Chicken-fried steak has nothing to do with chicken and comes deep-fried in batter smothered in milk gravy.  What passes for hot salsa on the west coast wouldn’t even rate as mild pasta sauce in Texas.  Anyone for prickly pear salad?  Fried rattlesnake?  Rapi-pie?  Poutine—gravy, BBQ Sauce, and cheese curds on French Fries.  Hodge Podge?  Canadians wear out their kidneys attempting to get a buzz off most American Beer.  In some provinces it would be too low in alcohol content to legally rate as beer and patrons would accuse the barkeep of watering down his draft. Anyone for possum, squirrel, grits?  Grits to me seemed like watery cream of wheat. Biscuit and chicken gravy?

 

Along the East Coast a black flag indicates a hurricane is on the way.  Coastal areas have signs marking the storm surge levels, evacuation routes, and public shelters.

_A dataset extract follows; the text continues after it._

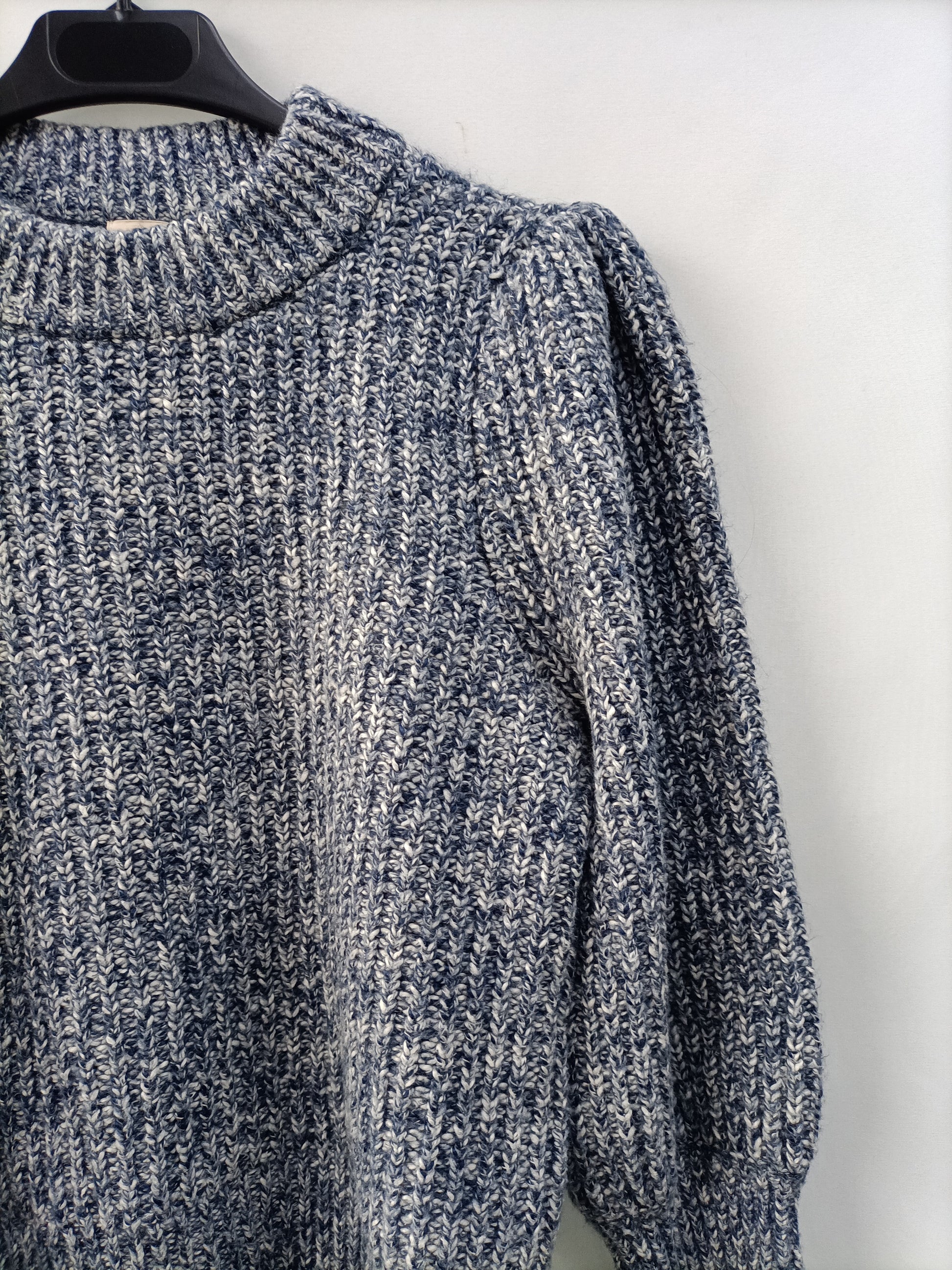 Jersey jaspeado azul y blanco con las mangas ligeramente Abullonadas. Largo 55cm

At least they generally get fairly good advance warning.  In the Mid-West if the sky turns greenish-purple and the siren goes off you have five minutes or less to make it to your storm cellar or the lowest or most protected area in your home before the tornado hits.  On the west coast tsunami warning signs mark evacuation routes to high ground.  If the tsunami siren starts undulating make tracks for safe ground.  Unfortunately science has yet to perfect a method of predicting earthquakes in other than geologic time-frames.  California highways are shut down when there are major rain showers—they are not built to shed water.  In Seattle and Vancouver snow brings all traffic to a standstill—no one has snow tires and the municipalities have no ploughs.  On the west coast expensive homes are built in areas prone to brush fires, land slides, and coastal erosion; Miami is built on a sand bar.  In the Rocky Mountains no stopping signs mark areas prone to avalanches and land slides.

 

In Florida one is cautioned to beware of plunging into a fire-ant colony and not to feed the crocodiles.  In Texas turning over rocks or logs is likely to disturb a scorpion and walking past tall grass calls for care lest it be inhabited by a rattler.  If you camp and leave your boots out it’s wise to tap them out before putting them on to dislodge potential tarantulas or scorpions inside.  In Texas and New Mexico look fast because as Wiley E Coyote will tell you Roadrunners are quick.  In Saskatchewan and Manitoba Greater Prairie Chickens, a large bird over a foot tall will freeze in the middle of the road and refuse to move believing this makes them invisible.  One didn’t move until I nudged him with my bumper—I wonder why they’re endangered.  In bear and mountain lion country make lots of noise and don’t fall behind or strike out ahead of the pack.  If you encounter a bear back away slowly and do not establish eye contact—remember, black bears are excellent climbers.  It charged make lots of noise and as a last option play dead and protect your vitals.  For cat encounters one is advised to look at big as possible and to charge first.  If attacked fight back aggressively.  Don’t hike alone, in their territory these animals consider us prey. 

 

The world may be a dangerous place but man is still the most dangerous creature in it and highway traffic the most dangerous place to be.  Seeing a full-page spread on the ten most wanted in the Coastal News in Southern California was hardly an inducement to become a tourist.  Learning that in LA a policeman is killed weekly makes one wonder why anyone would answer a full page ad placed in the local tourist brochures.  Graffiti, vandalism, theft, and gang activity mar too many urban areas and the cliché about billboards blocking a view of the natural wonders they would advertise is all too real.  Despite these concerns common sense is still one’s best protection and a locked vehicle one’s best defence. At home or abroad don’t leave valuables in plain sight.